The Supreme Court on Friday stopped construction and development work of industrial units at the Adani group-owned Adani Port special economic zone (APSEZ) at Mundra in Kutch pending clearances from the Union ministry of environment and forests (MoEF). However, it allowed already functional units to continue business operations within APSEZ (formerly Mundra Port and SEZ).

A bench headed by Chief Justice Altamas Kabir, while disposing of the four petitions filed by Skaps industries, Ahistrom Fiber Composites (I), Oriental Carbon Chemicals and Dorf Ketal Speciality Catalyst, set aside the Gujarat High Courts exparte order that halted commercial production of all 12 industrial units within the SEZ till environment clearance was granted by the MoEF in favour of APSEZ.

It also asked the Gujarat High Court to hear all parties on February 28 and pass a fresh order on the public interest litigation (PIL) that had questioned functioning of the SEZ and the units which had only clearance from the state authorities, and not the environment ministry.

It also observed that the HC should not have passed the drastic order for shutting down the operating units at the initial stage of the case without even hearing all the affected parties.

The companies argued that they have been operational since two years and exports worth billions of rupees and the livelihoods of hundreds of workers would be affected by the closure of units. Besides, the HC has no jurisdiction to try and entertain such pleas in view of the National Green Tribunal, which alone has jurisdiction to decide cases where a substantial question relating to environment is involved, senior counsel Mukul Rohtagi argued. The SEZ promoter counsel argued that it had sought the environment ministrys clearance but got no response, and as per norms the SEZ was deemed to have been granted after 45 days of applying.

The apex court had last week stayed the HC order and had issued notice to the Centre through MoEF, APSEZ, Gujarat Pollution Control Board (GPCB) and other 21 parties including the 11 other companies.

The stay order had come on a petition filed by Dorf Ketal, a chemicals manufacturer, challenging the HCs exparte order. The HC had passed the interim order on a PIL filed by villagers of Navinal village who alleged that the 12 units of the Adani Group have gone ahead with the production as well as import and export activities without any environment clearance.

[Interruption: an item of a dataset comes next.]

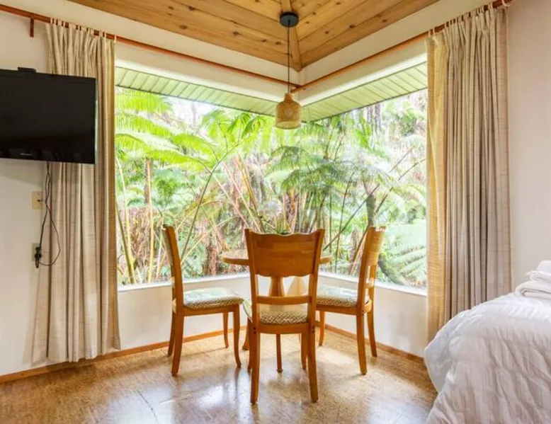 The space As you pull up to this grand cedar style home you are immediately greeted by a beautiful rainforest that feels calming and relaxing. Walk down the gravel pathway surrounded by native Ohi'a trees and Hapu'u plants hovering over you like an umbrella of nature to reach the hot tub or take a few steps up to your private suite. There is a small covered patio for you and your guests. This suite is off to the far corner and is very private from the other rooms. As you enter your room you are instantly greeted by nature with huge glass windows looking out to your very own Hawai'i forest. The room has a Queen size bed for two and two twin beds for extra guests. The room is equipped with a small kitchen stocked with basic cooking essentials like pots, pans, cooktop, utensils, and a griddle for breakfast in the morning. There is a small coffee bar with a medium-sized fridge and a microwave. Enjoy a cup of coffee in the mornings or have a romantic dinner as you sit at your own private table. The room has its own bathroom with a shower and tub. There is an electric heater to warm you up on those cold Volcano nights. A wall-mounted TV for those that want to relax and watch a movie. Visitors come to the Big Island to explore the volcano and beautiful black sand beaches. Take a four wheel drive up Mauna Kea and visit the second largest mountain in the world or take a drive down to Waipi'o Valley to take a refreshing dip in the ocean as you visit the Valley of the Kings. Cruise around the island in a day and see what this "Big island" has to offer. **Multiple unit property. If traveling with a large party and you would like to book multiple rooms or the entire property, please contact host. Guest access The hot tub is located down the rainforest walkway at the back of the property. It is shared with the other guests. Other things to note Volcano has lots of great restaurants like Lava Rock, Thai Thai Bistro & Bar, Tuk-Tuk Thai Foodtruck, and The Rim (located in the National Park). Please note that most restaurants in Volcano are closed on Mondays so you may need to travel to Keaau or Hilo which is about a 30-45 minute commute. There are a few convenient stores in the area for supplies and groceries. **This property is on water catchment which is not suitable for drinking or cooking. Some bottles of drinking water are provided but additional drinking water need to be brought by guests. Owner resides on the property in a seperate unit.

)- See more at: http://www.financialexpress.com/news/sc-stops-construction-work-at-mundra-port/1076112/0#sthash.zfACkMK8.dpuf

My comments :

-> As of today it is business as usual for OCCL, and i am expecting that at tomorrow’s hearing, functional units in the SEZ such as OCCL will be allowed to continue work as usual. And it very possible that even while the case continues, approvals may come through & all will be normal again. However just as a matter of abundant caution, we need to keep close watch.

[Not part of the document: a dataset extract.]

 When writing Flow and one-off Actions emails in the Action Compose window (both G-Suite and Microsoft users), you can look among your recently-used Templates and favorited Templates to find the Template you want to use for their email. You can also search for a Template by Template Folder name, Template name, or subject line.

-> Global & local slowdown has impacted OCCL - but are the current valuations already reflecting the worst ? Views solicited.

Thanks Bosco for bringing this up.We can check again with the company on this in say a weeks time.

I don’t think we should be factoring in that valuations capture the worst alreaday

a) There is continuous erosion in EPS for 3 straight years

b) Till the time Demand situation doesn’t revive (tyre majors) margin pressures will be big. So I anticipate a few more quarters of pain, and with that lower valuations

But please keep tracking/helping us keep track. OCCL will offer a good ride once demand revival signs are first in.

You could be right, Donald, however things have already been bad for last few quarters & the company still churns out decent numbers (though not comparable with couple of years ago).

So downside may be limited, subject to the there not being an adverse court verdict.